Work order.
Since each line must match the original, copy out the records with no differences at all.

****

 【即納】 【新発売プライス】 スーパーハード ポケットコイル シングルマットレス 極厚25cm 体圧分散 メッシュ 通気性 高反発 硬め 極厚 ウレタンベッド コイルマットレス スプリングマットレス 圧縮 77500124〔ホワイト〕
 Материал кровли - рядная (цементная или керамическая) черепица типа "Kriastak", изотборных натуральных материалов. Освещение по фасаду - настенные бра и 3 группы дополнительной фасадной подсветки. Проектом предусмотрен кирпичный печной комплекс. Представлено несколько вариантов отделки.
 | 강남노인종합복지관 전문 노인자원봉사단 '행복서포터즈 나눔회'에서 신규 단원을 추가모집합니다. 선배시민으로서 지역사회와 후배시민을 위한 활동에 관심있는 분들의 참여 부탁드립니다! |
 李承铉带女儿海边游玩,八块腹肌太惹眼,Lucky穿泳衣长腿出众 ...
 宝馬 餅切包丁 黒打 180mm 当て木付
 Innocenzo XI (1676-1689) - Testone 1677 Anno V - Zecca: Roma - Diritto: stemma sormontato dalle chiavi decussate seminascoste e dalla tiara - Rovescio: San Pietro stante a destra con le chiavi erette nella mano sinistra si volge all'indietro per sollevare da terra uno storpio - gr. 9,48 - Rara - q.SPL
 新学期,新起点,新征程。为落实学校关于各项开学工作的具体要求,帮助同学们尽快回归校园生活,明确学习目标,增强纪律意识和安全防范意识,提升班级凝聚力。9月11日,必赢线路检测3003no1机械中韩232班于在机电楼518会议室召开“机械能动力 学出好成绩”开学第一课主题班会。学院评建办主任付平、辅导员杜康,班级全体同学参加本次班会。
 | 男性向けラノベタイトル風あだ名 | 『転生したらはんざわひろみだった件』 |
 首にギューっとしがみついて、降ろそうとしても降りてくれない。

****

Worked solution.
 【即納】 【新発売プライス】 スーパーハード ポケットコイル シングルマットレス 極厚25cm 体圧分散 メッシュ 通気性 高反発 硬め 極厚 ウレタンベッド コイルマットレス スプリングマットレス 圧縮 77500124〔ホワイト〕
 Материал кровли - рядная (цементная или керамическая) черепица типа "Kriastak", изотборных натуральных материалов. Освещение по фасаду - настенные бра и 3 группы дополнительной фасадной подсветки. Проектом предусмотрен кирпичный печной комплекс. Представлено несколько вариантов отделки.
 | 강남노인종합복지관 전문 노인자원봉사단 '행복서포터즈 나눔회'에서 신규 단원을 추가모집합니다. 선배시민으로서 지역사회와 후배시민을 위한 활동에 관심있는 분들의 참여 부탁드립니다! |
 李承铉带女儿海边游玩,八块腹肌太惹眼,Lucky穿泳衣长腿出众 ...
 宝馬 餅切包丁 黒打 180mm 当て木付
 Innocenzo XI (1676-1689) - Testone 1677 Anno V - Zecca: Roma - Diritto: stemma sormontato dalle chiavi decussate seminascoste e dalla tiara - Rovescio: San Pietro stante a destra con le chiavi erette nella mano sinistra si volge all'indietro per sollevare da terra uno storpio - gr. 9,48 - Rara - q.SPL
 新学期,新起点,新征程。为落实学校关于各项开学工作的具体要求,帮助同学们尽快回归校园生活,明确学习目标,增强纪律意识和安全防范意识,提升班级凝聚力。9月11日,必赢线路检测3003no1机械中韩232班于在机电楼518会议室召开“机械能动力 学出好成绩”开学第一课主题班会。学院评建办主任付平、辅导员杜康,班级全体同学参加本次班会。
 | 男性向けラノベタイトル風あだ名 | 『転生したらはんざわひろみだった件』 |
 首にギューっとしがみついて、降ろそうとしても降りてくれない。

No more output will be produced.